**Information supplied:**

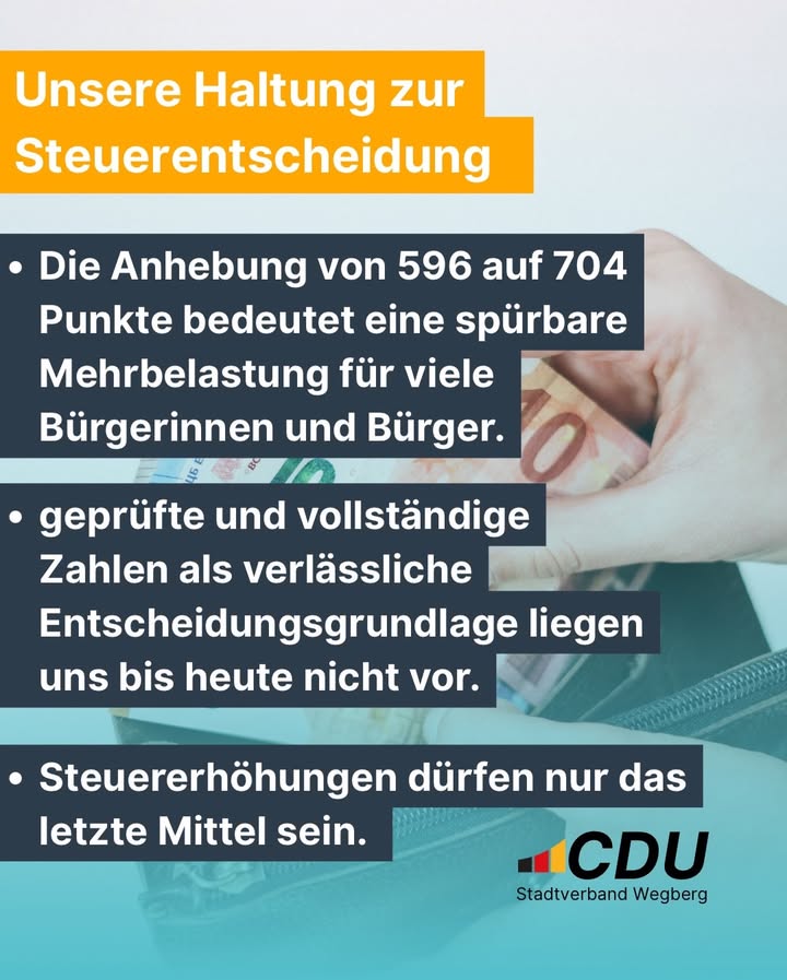 In der gestrigen Ratssitzung haben wir gegen die Erhöhung der Grundsteuer von 596 auf 704 gestimmt. Wir sind überzeugt, dass eine zusätzliche finanzielle Belastung für viele Bürgerinnen und Bürger gut begründet und nachvollziehbar sein muss. Eine Steuererhöhung wollten wir zum jetzigen Zeitpunkt nicht mittragen. Leider waren wir die einzige Fraktion, die gegen diesen Schritt gestimmt hat, sodass wir die Entscheidung nicht verhindern konnten.Für eine so weitreichende Entscheidung fehlten aus unserer Sicht wichtige Grundlagen. Der aktuelle Haushalt ist von großen Unsicherheiten geprägt. Bis heute liegt kein vollständig geprüfter Jahresabschluss vor, ebenso wenig belastbare Prognosen für die kommenden Jahre. Das bedeutet ganz einfach: Niemand kann derzeit verlässlich sagen, wie viel Geld der Stadt in den nächsten Jahren tatsächlich zur Verfügung steht und wie sich Einnahmen und Ausgaben entwickeln werden.Ohne diese Klarheit halten wir es für falsch, Wegbergs Bürgerinnen und Bürger stärker zur Kasse zu bitten. Wir setzen uns für Transparenz, verlässliche Zahlen und ausreichend Zeit für eine sorgfältige Entscheidungsfindung ein. Steuererhöhungen dürfen aus unserer Sicht immer nur der letzte Schritt sein. Unser Anspruch bleibt eine verantwortungsvolle und nachvollziehbare Finanzpolitik für unsere Stadt.#cduwegberg #wegberg
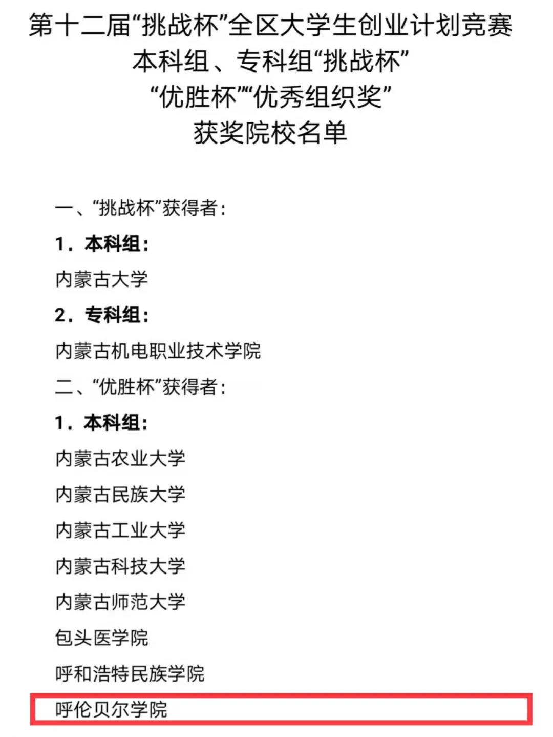 为贯彻落实国家双创工作部署,进一步引导和激励大学生创新创业能力,由共青团中央、教育部、中国科协、全国学联、黑龙江省人民政府主办,东北林业大学、共青团黑龙江省委员会承办的第十二届“挑战杯”中国大学生创业计划竞赛闭幕会在东北林业大学举行。第十二届“挑战杯”全区大学生创业计划竞赛评审结果也于近期发布,BV伟德共有1件作品入围全国赛,喜获铜奖;40件作品入围自治区大赛,33件作品获奖,喜获2个特等奖,2个一等奖,8个二等奖,21个三等奖,学校被评为“优胜杯”获奖单位,两位老师被评为“优秀工作者”。
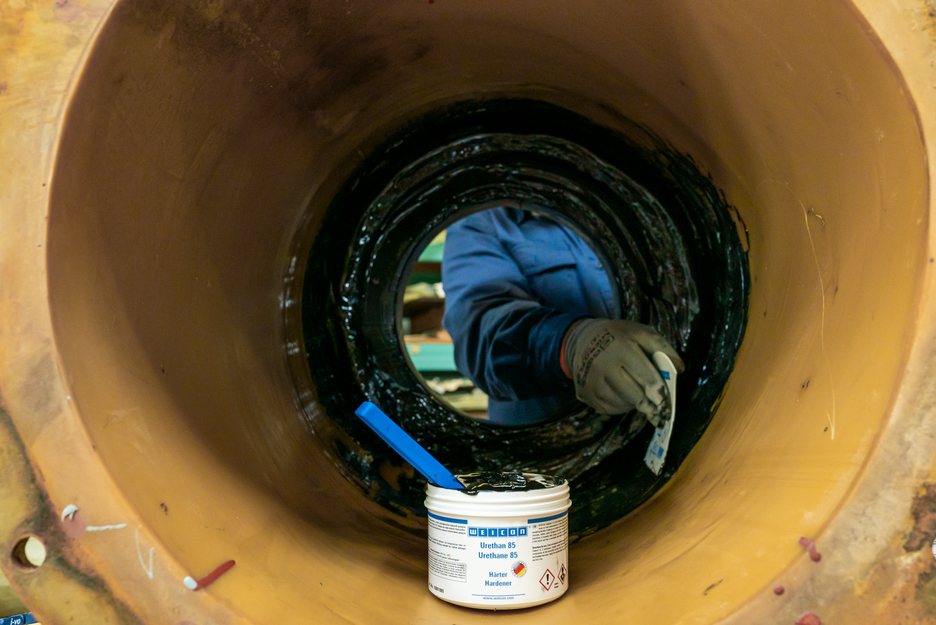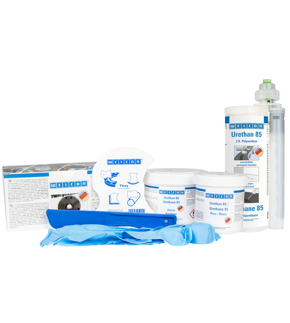 WEICON Urethane 85 is a 2-C polyurethane putty with excellent mechanical strength for the quick repair, touch-up and coating of rubber and metal pieces, which are exposed to shocks, abrasion, vibration or motion. It shows high elasticity as well as high wear resistance. Urethane 85 is suitable for many applications, such as the repair of rubber components and conveyor belts, the repair and touch-up of rubber coatings, as flexible wear protection for pump housings and impellers as well as for the quick repair of worn-out seals and rubber rollers.
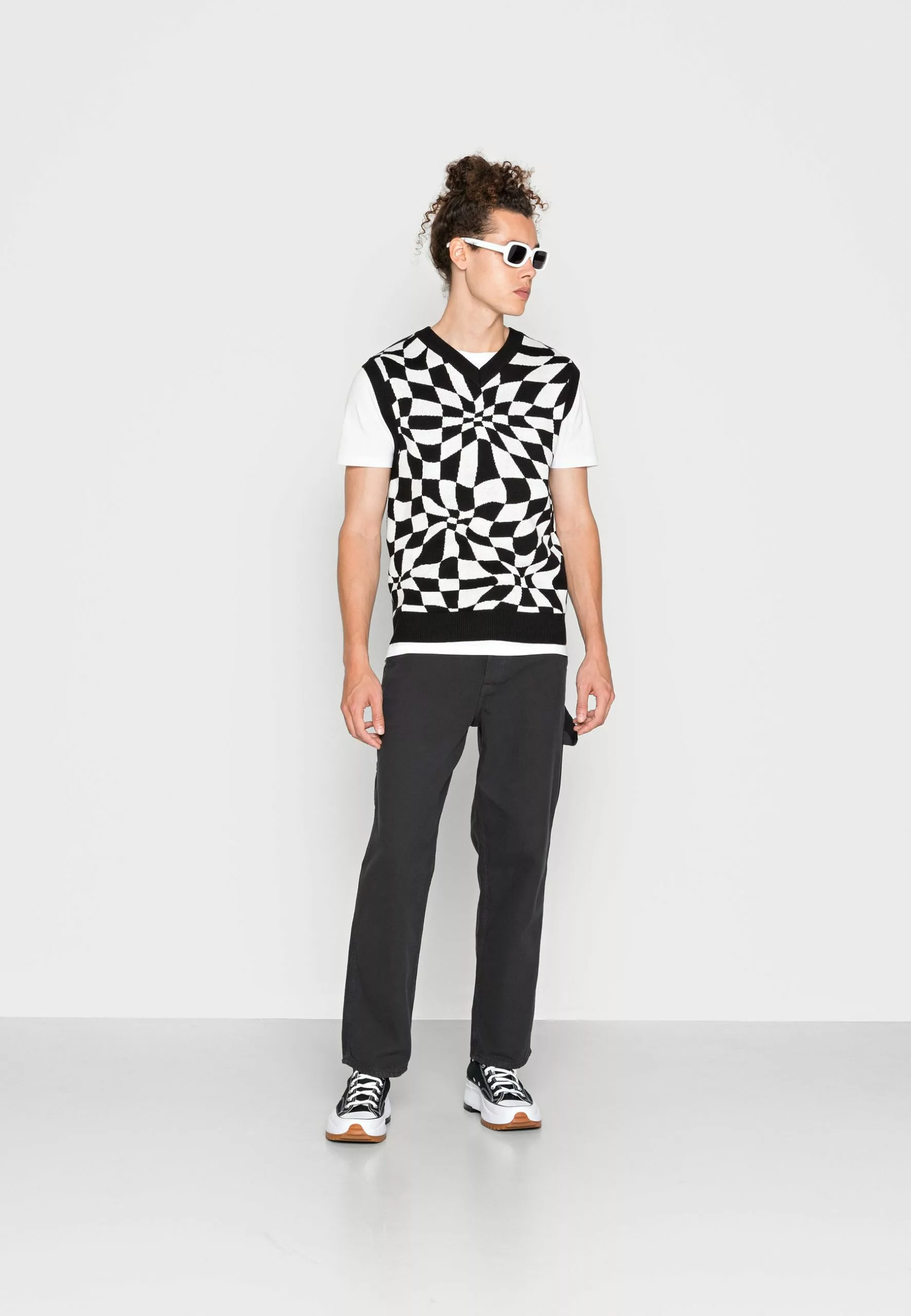 YOURTURN Distorted Check Vest Unisex – Trui – Black/White

**Task brief:** Hand back the data above exactly, leaving out all pictures.

**Output of the task:**
 In der gestrigen Ratssitzung haben wir gegen die Erhöhung der Grundsteuer von 596 auf 704 gestimmt. Wir sind überzeugt, dass eine zusätzliche finanzielle Belastung für viele Bürgerinnen und Bürger gut begründet und nachvollziehbar sein muss. Eine Steuererhöhung wollten wir zum jetzigen Zeitpunkt nicht mittragen. Leider waren wir die einzige Fraktion, die gegen diesen Schritt gestimmt hat, sodass wir die Entscheidung nicht verhindern konnten.Für eine so weitreichende Entscheidung fehlten aus unserer Sicht wichtige Grundlagen. Der aktuelle Haushalt ist von großen Unsicherheiten geprägt. Bis heute liegt kein vollständig geprüfter Jahresabschluss vor, ebenso wenig belastbare Prognosen für die kommenden Jahre. Das bedeutet ganz einfach: Niemand kann derzeit verlässlich sagen, wie viel Geld der Stadt in den nächsten Jahren tatsächlich zur Verfügung steht und wie sich Einnahmen und Ausgaben entwickeln werden.Ohne diese Klarheit halten wir es für falsch, Wegbergs Bürgerinnen und Bürger stärker zur Kasse zu bitten. Wir setzen uns für Transparenz, verlässliche Zahlen und ausreichend Zeit für eine sorgfältige Entscheidungsfindung ein. Steuererhöhungen dürfen aus unserer Sicht immer nur der letzte Schritt sein. Unser Anspruch bleibt eine verantwortungsvolle und nachvollziehbare Finanzpolitik für unsere Stadt.#cduwegberg #wegberg
 为贯彻落实国家双创工作部署,进一步引导和激励大学生创新创业能力,由共青团中央、教育部、中国科协、全国学联、黑龙江省人民政府主办,东北林业大学、共青团黑龙江省委员会承办的第十二届“挑战杯”中国大学生创业计划竞赛闭幕会在东北林业大学举行。第十二届“挑战杯”全区大学生创业计划竞赛评审结果也于近期发布,BV伟德共有1件作品入围全国赛,喜获铜奖;40件作品入围自治区大赛,33件作品获奖,喜获2个特等奖,2个一等奖,8个二等奖,21个三等奖,学校被评为“优胜杯”获奖单位,两位老师被评为“优秀工作者”。
 WEICON Urethane 85 is a 2-C polyurethane putty with excellent mechanical strength for the quick repair, touch-up and coating of rubber and metal pieces, which are exposed to shocks, abrasion, vibration or motion. It shows high elasticity as well as high wear resistance. Urethane 85 is suitable for many applications, such as the repair of rubber components and conveyor belts, the repair and touch-up of rubber coatings, as flexible wear protection for pump housings and impellers as well as for the quick repair of worn-out seals and rubber rollers.
 YOURTURN Distorted Check Vest Unisex – Trui – Black/White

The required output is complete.